Движимый желанием преуспеть в театре, он присоединился к труппе бродячих комедиантов, отправившись в двухгодичное турне по континенту, посещая такие места, о которых он раньше и не слыхивал - Верону, Венецию или Севилью. Актерские способности Гильермо был неплохими, и этим он пытался компенсировать свои попытки постоянно импровизировать по ходу спектакля. К тому же он обладал большим талантом, чем товарищи по труппе. Это время от времени вызывало стычки и споры, которые вывели из терпения директора театра, а в результате он выгнал Гильермо. Кончилось тем, что актеру пришлось жить в потрепанной дыре под названием "Красный петух", проклиная судьбу и застряв из-за войны в Испании с постоянным ветром в карманах.
Образ бездонного кошелька вдохновил его на первый куплет сонета, но к тому времени он уже находился перед дверьми постоялого двора Томаса Гутьерреса. Смущаясь от элегантности здания, он зашел с осторожностью, слишком остро чувствуя, что его плундры в паре мест заштопаны, а пожелтевшие манжеты сорочки - в чернильных пятнах.
- Маэсе Гильермо!
Санчо ждал в дверях и провел его в маленький, но уютный зал, который хозяин постоялого двора предоставил в их распоряжение. Там стоял низкий стол, окруженный скамьей и двумя стульями. На одном из них сидел худощавый мужчина с крючковатым носом, который тут же встал.

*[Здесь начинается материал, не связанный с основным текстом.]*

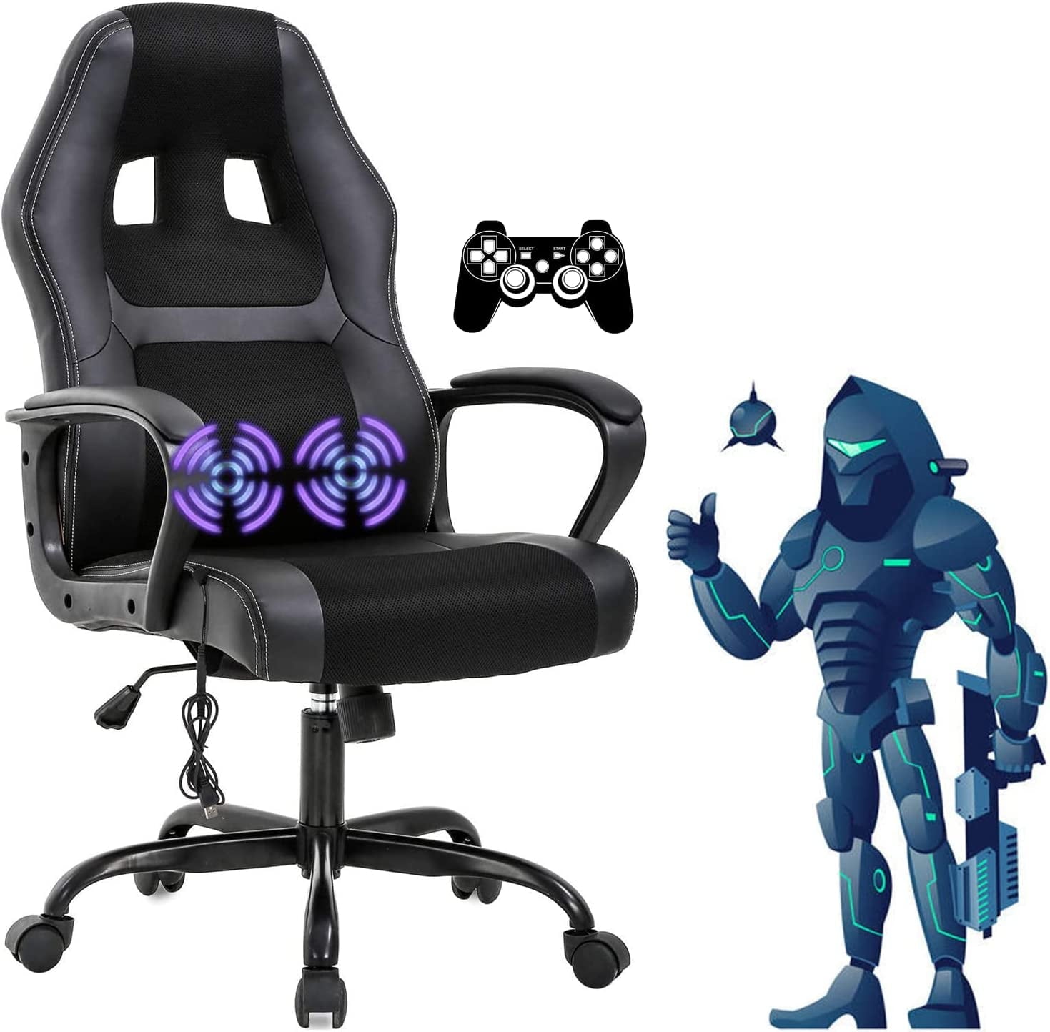 Dkelincs Gaming Chair Massage Computer Chair Ergonomic Video Game Chairs, Adjustable Office Desk Chair with Lumbar Support & Armrest for Teens & Children, Black

- Дон Мигель де Сервантес, позвольте представить вам дона Гильермо де Шекспира.
Ужин прошел в кропотливых попытках понять друг друга - Гильермо боролся со своим плохим испанским, а Мигель делал удивленное лицо, когда актер произносил слова на собственном языке. Комиссар знал по-английски лишь ругательства и воинские команды. Но с помощью Санчо они поняли друг друга.
Когда юноша представил их друг другу, Мигель осмотрел Гильермо с головы до пят своим прямым и колким взглядом, таким же аскетичным, как и его собственное тело, не скрывая неприязни к врагу короля. Гильермо тут же это заметил, но попытался сгладить впечатление, выявив то, что было между ними общего. Трудно было найти двух более отличающихся людей, поскольку на фоне кастильской строгости комиссара Гильермо отличался чувственным и непостоянным характером.
- Я понимаю ваше предубеждение в отношении меня, дон Мигель, - сказал Гильермо, отодвигая тарелку, в которой остался лишь рыбий хребет. - Но от всего сердца уверяю вас, что меня совершенно не заботят споры между нашими королями. Англичане или испанцы, хозяева или слуги... жизнь - это лишь театр, друг мой.
Комиссар захлопал глазами, удивившись, что англичанин начал с подобной мысли, но тут же понял, какого рода человек сидит напротив. Оба разделяли то, чем обладают лишь немногие: способность заглянуть внутрь, разглядеть спрятанную под видимой формой сущность.